DATA SHOWN ::
==========
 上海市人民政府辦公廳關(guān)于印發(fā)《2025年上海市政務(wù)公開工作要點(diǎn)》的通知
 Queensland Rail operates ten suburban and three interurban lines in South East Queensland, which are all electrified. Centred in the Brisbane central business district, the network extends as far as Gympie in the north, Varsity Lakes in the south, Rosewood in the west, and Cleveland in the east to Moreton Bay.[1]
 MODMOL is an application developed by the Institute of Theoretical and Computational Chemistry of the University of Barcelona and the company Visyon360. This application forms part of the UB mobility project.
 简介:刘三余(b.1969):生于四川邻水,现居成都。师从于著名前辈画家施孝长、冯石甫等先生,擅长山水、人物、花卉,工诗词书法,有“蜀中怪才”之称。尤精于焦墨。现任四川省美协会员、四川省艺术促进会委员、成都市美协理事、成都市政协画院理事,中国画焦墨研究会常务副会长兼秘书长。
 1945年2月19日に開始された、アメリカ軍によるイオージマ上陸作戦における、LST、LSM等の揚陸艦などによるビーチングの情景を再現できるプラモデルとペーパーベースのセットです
==========
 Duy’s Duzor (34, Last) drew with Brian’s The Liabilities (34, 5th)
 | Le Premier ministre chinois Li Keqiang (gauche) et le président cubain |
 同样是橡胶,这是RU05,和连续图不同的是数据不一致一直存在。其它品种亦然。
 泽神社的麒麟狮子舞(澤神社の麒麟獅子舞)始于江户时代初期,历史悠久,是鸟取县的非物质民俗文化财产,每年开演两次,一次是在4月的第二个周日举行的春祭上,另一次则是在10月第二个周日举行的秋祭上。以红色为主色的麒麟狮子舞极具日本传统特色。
==========
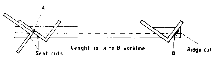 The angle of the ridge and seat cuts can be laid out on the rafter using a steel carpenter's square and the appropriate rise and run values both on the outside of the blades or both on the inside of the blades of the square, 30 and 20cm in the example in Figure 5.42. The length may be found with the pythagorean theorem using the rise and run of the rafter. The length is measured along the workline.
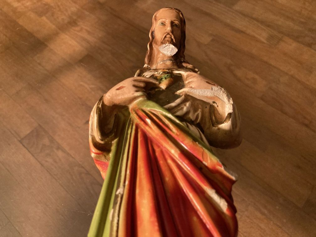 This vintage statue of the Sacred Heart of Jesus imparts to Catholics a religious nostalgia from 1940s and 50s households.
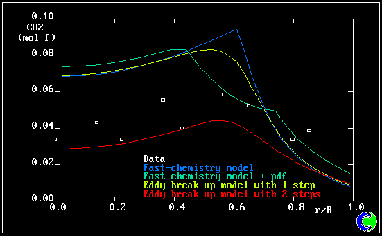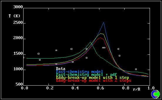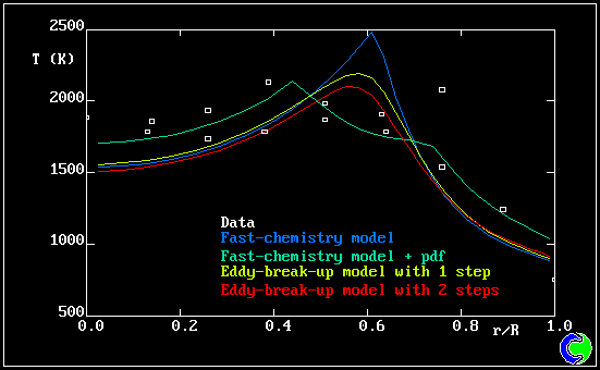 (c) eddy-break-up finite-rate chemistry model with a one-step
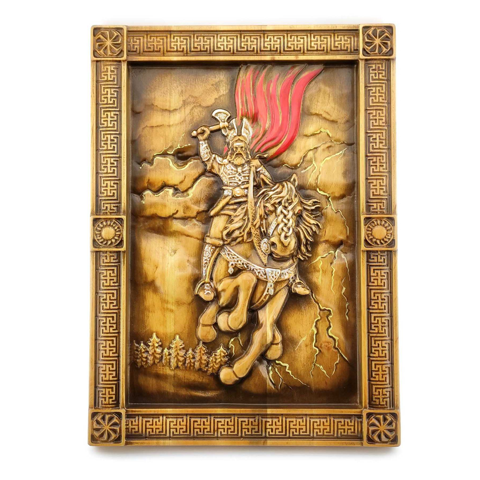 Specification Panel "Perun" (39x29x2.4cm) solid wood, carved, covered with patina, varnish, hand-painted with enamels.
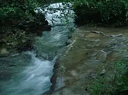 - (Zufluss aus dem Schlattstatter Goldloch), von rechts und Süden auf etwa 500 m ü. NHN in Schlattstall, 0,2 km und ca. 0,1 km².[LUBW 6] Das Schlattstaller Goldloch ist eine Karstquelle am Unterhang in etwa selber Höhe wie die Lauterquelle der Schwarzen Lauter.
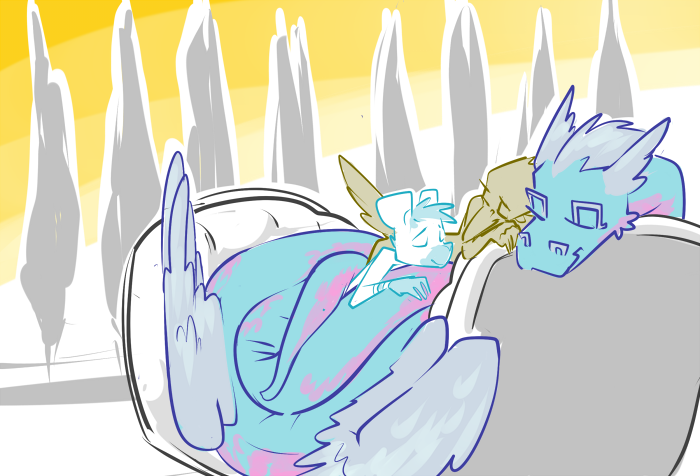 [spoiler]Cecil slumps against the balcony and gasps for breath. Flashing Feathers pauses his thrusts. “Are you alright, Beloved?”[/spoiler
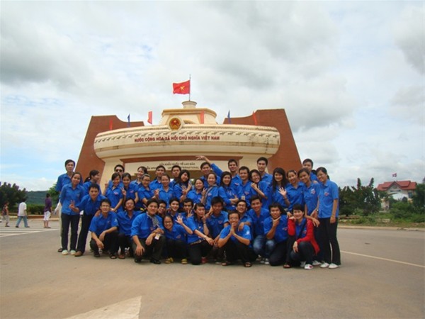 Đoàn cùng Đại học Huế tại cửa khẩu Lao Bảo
==========
TASK DETAILS :: In the entries above, find the line holding "上海市人民政府辦公廳關(gu" and the line holding "1945年2月19日に開始さ", then retype exactly those two lines and every line between them, and nothing else.

ANSWER ::
 上海市人民政府辦公廳關(guān)于印發(fā)《2025年上海市政務(wù)公開工作要點(diǎn)》的通知
 Queensland Rail operates ten suburban and three interurban lines in South East Queensland, which are all electrified. Centred in the Brisbane central business district, the network extends as far as Gympie in the north, Varsity Lakes in the south, Rosewood in the west, and Cleveland in the east to Moreton Bay.[1]
 MODMOL is an application developed by the Institute of Theoretical and Computational Chemistry of the University of Barcelona and the company Visyon360. This application forms part of the UB mobility project.
 简介:刘三余(b.1969):生于四川邻水,现居成都。师从于著名前辈画家施孝长、冯石甫等先生,擅长山水、人物、花卉,工诗词书法,有“蜀中怪才”之称。尤精于焦墨。现任四川省美协会员、四川省艺术促进会委员、成都市美协理事、成都市政协画院理事,中国画焦墨研究会常务副会长兼秘书长。
 1945年2月19日に開始された、アメリカ軍によるイオージマ上陸作戦における、LST、LSM等の揚陸艦などによるビーチングの情景を再現できるプラモデルとペーパーベースのセットです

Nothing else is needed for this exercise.